Yes, pretty basic looking mistakes that, from the outside, make many wonder how this got through. Though analyzing the post-mortem makes me think of the MV Dali crashing into the Francis Scott Key bridge in Baltimore: the whole thing started with a single loose wire which set off a cascading failure. CF's situation was similar in a few ways though finding a bad query (and .unwrap() in production code rather than test code) should have been a lot easier to spot.
Have any of the post-mortems addressed if any of the code that led to CloudFlare's outage was generated by AI?
> And CF doesn't have the "...or people will die" safety criticality.
I disagree with that. Just because you can't point to people falling off a bridge into the water doesn't mean that outages of the web at this scale will not lead to fatalities.
OTOH...whether you describe it as regulations, an SLA, or otherwise - "150,000 ton freighter destroys a major bridge and kills people" is a far worse violation of expected behavior than "lots of web sites went down".

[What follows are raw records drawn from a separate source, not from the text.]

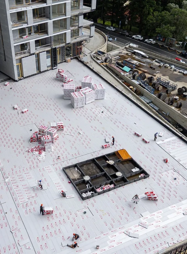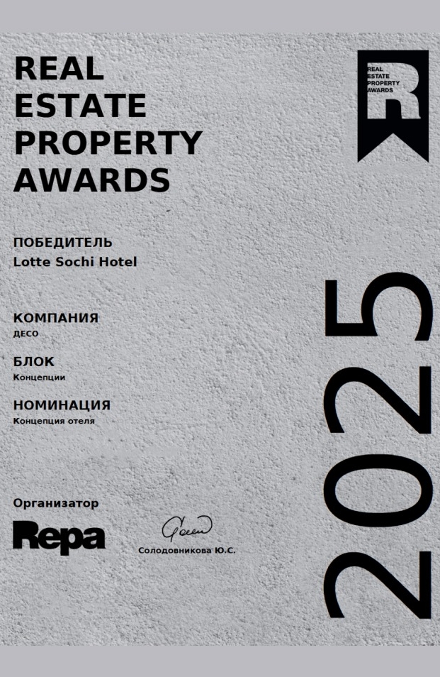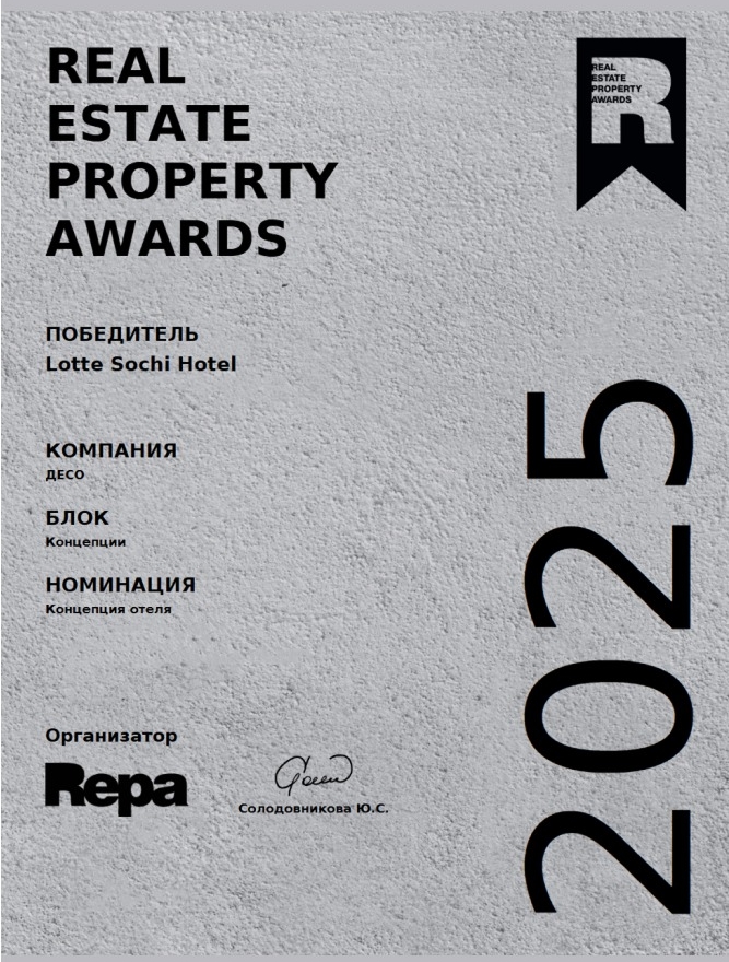 Интерьер отеля оформлен в гармонии с пейзажем хвойного леса и гор, используя строгое дерево, мрамор и матовую фактурную штукатурку. Природные материалы в сочетании с акцентным освещением, комфортабельными лаундж-зонами и выразительными лобби и баром создают атмосферу премиальности и уюта горного отеля.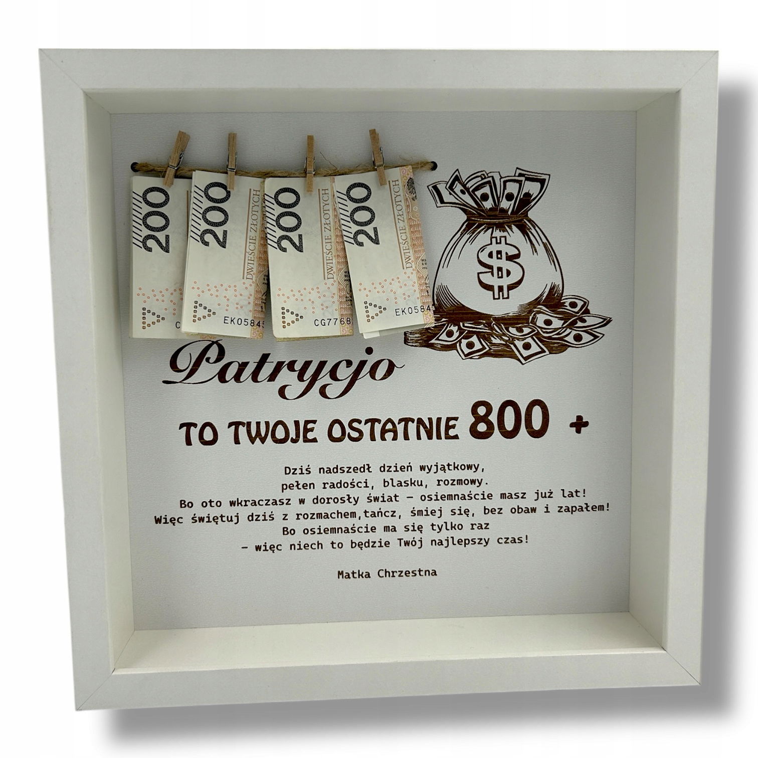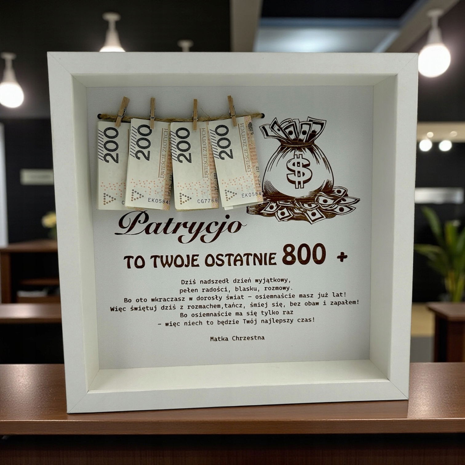 Ramka 3D – „Twoje ostatnie 800+” – prezent na 18 urodziny
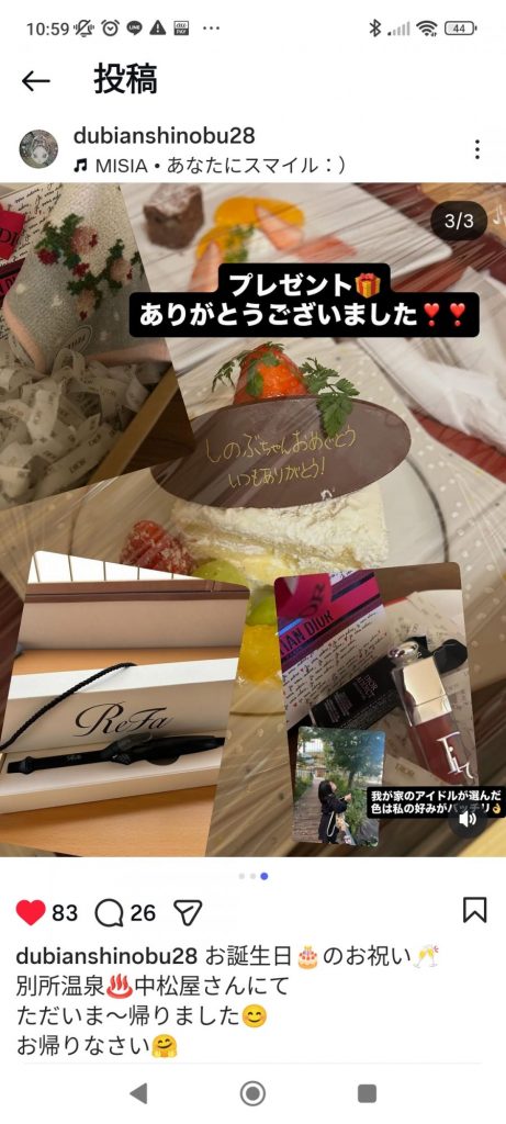 ご主人さまからは、サプライズケーキ以外にもとっておきのプレゼントがあったようです(*^^*)

I see where people use CF and I actually think that 'lots of websites went down' has the potential these days to in aggregate kill far more people than were killed by the Dali losing control over their helm. The Dali accident could also have been avoided by simply requiring ships with the gross tonnage to do damage to the bridge to have mandatory tugs, and I'm not so sure there is a clean and effective solution for the kind of issues that CF can create.
They're more like 'the shipping industry' than they are like 'a single out of control vessel'. Keep in mind that half of the health care industry or more uses CF to protect their assets.
Have any of the post-mortems addressed if any of the code that led to CloudFlare's outage was generated by AI?